Иногда этому рассвету сознания предшествуют долгие сумерки пробуждения души; но иногда, у более чувствительных и тонких натур, свет прорывается со всей внезапностью восхода солнца на экваторе, открывая мысленному взору неожиданный мир «я» внутри. Но каким бы образом мы ни проснулись к нему, чувство личности, когда оно впервые осознается, кажется уже, подобно легендарной Богине Мудрости, полностью выросшим в мозгу. С того момента, когда мы впервые помним себя, мы кажемся такими же старыми, какими мы всегда кажемся другим впоследствии. Мы растем, конечно, в знаниях, в мудрости, в опыте, по мере того как наши годы увеличиваются, но глубоко в глубине наших сердец мы все еще по существу те же. Конечно, люди оказывают нам больше почтения, чем раньше, что иногда вызывает сомнение, не изменились ли мы; маленькие мальчики следующего поколения относятся к нам с уважением, которое заставляет нас внутренне улыбаться, когда мы думаем, как мало мы отличаемся от них, если бы они только знали. Ибо в основе мы не осознаем изменений с того утра, давно, когда впервые осознали себя. Мы чувствуем себя такими же молодыми сейчас, как чувствовали себя старыми тогда. Мы лишь забавляемся дискриминацией мира там, где не можем обнаружить никакой разницы.
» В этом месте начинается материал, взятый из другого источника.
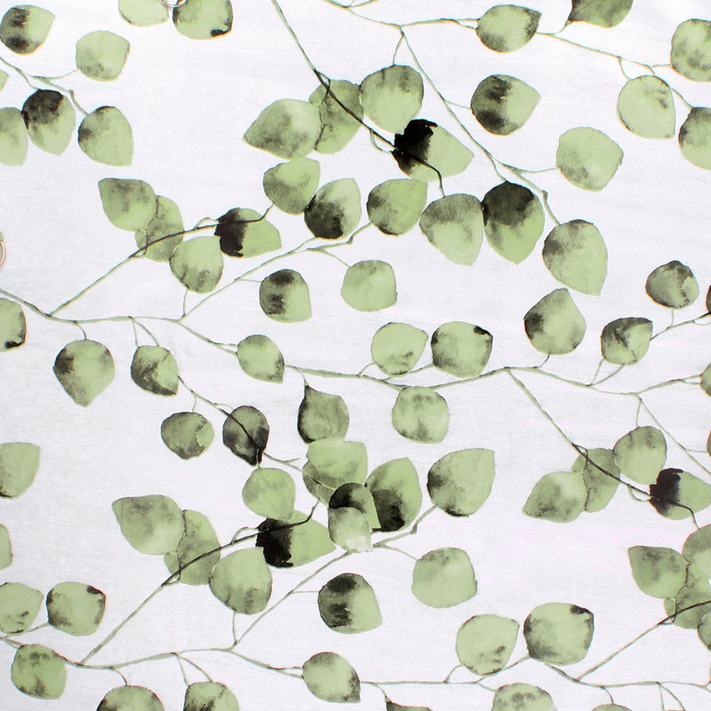 - Mantel Hule estampado en color gris con formas de hojas y ramas en verde. Diseño moderno y elegante para cualquier ocasión.
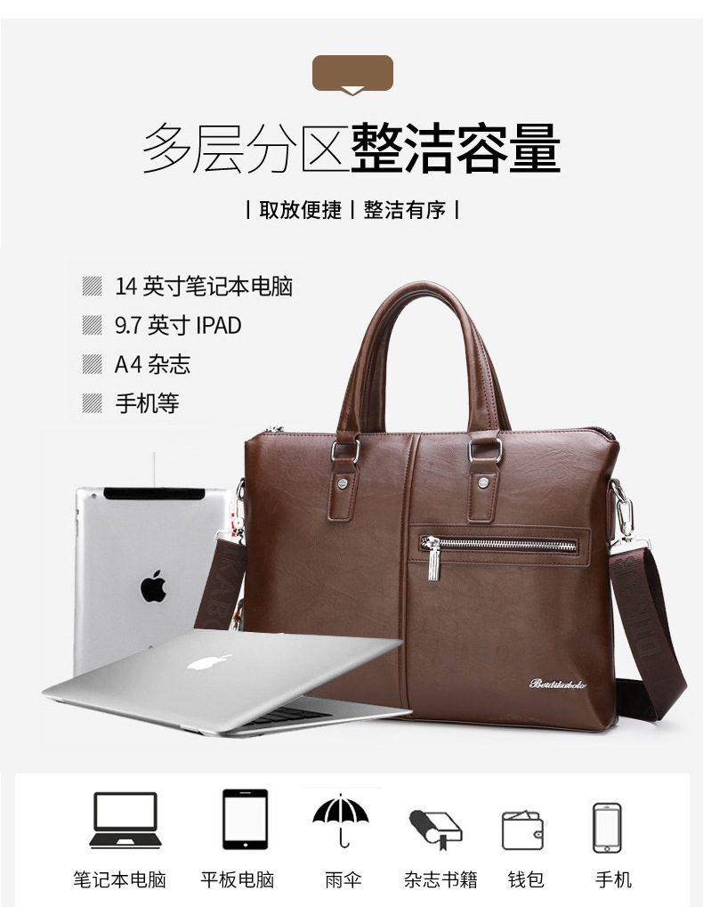 Chiếc túi dành cho nam giới này có kiểu dáng hiện đại, phù hợp cho cả công sở và sinh hoạt thường ngày. Sản phẩm được thiết kế theo kiểu ngang, có thể đeo bằng tay, vắt v hoặc mang chéo một cách linh hoạt. Ngăn bên trong rộng rãi, đựng vừa máy tính xách tay và các vật dụng cá nhân khác như tài liệu, điện thoại. Chất liệu bền chắc, mang lại cảm giác thoải mái khi sử dụng trong thời gian dài. | Tên sản phẩm: Túi Xách Nam - Túi Xách Ví Nam | Mã sản phẩm: A4751 - Giá: 610.000đ | Mã nhà sản xuất: BADG-G02Hình ảnh sản phẩm

Каждое человеческое существо было таким образом «дважды рожденным»: однажды как материя, однажды как разум. И это второе рождение — не право первородства только человечества. Все высшие животные, вероятно, возможно, даже низшие тоже, испытали некое подобное осознание индивидуальной идентичности. Как бы то ни было, конечно, ко всем расам людей пришло это откровение; только степень, в которой они чувствовали его силу, различалась безмерно. Это одно для апатичного, фаталистичного турка и совсем другое дело для энергичного, нервного американца. Факты, фантазии, веры — все показывают, как велико различие в чувствах. У них никакое интроспективное «познай самого себя» не перевозбуждает сознание «я». Но у нас, как у тех, кто в древности был одержим дьяволами, оно приходит, чтобы поразить, и остается, чтобы мучить. Слишком склонно оно оказаться вечно присутствующим, нежелательным двойником. Слишком часто оно играет роль незваного призрака на пиру, чье присутствие никто, кроме его несчастного жертвы, не подозревает. Преследующий ужас собственной идентичности для натур, гораздо менее эксцентричных, чем у Кенелма Чиллингли, — лишь слишком обычное проклятие. Этому обществу, парадоксально, как бы оно ни звучало, в основном обязано особое одиночество детства. Ибо ничто так не изолирует, как настойчивая идея, в которой человек не смеет признаться.

И все же — еще более странный парадокс — был ли когда-нибудь кто-либо, желающий обменять свою личность на чужую? Кто может представить себе отказ от своего собственного «я»? Нет, разве мы не цепляемся даже за его внешнее проявление? Есть ли человек, настолько бедный во всем, что человек считает дорогим, что он не обижается остро на то, что его случайно принимают за соседа? Конечно, должно быть что-то большее, чем мираж, в этом глубоко внедренном, широко распространенном инстинкте человеческого рода.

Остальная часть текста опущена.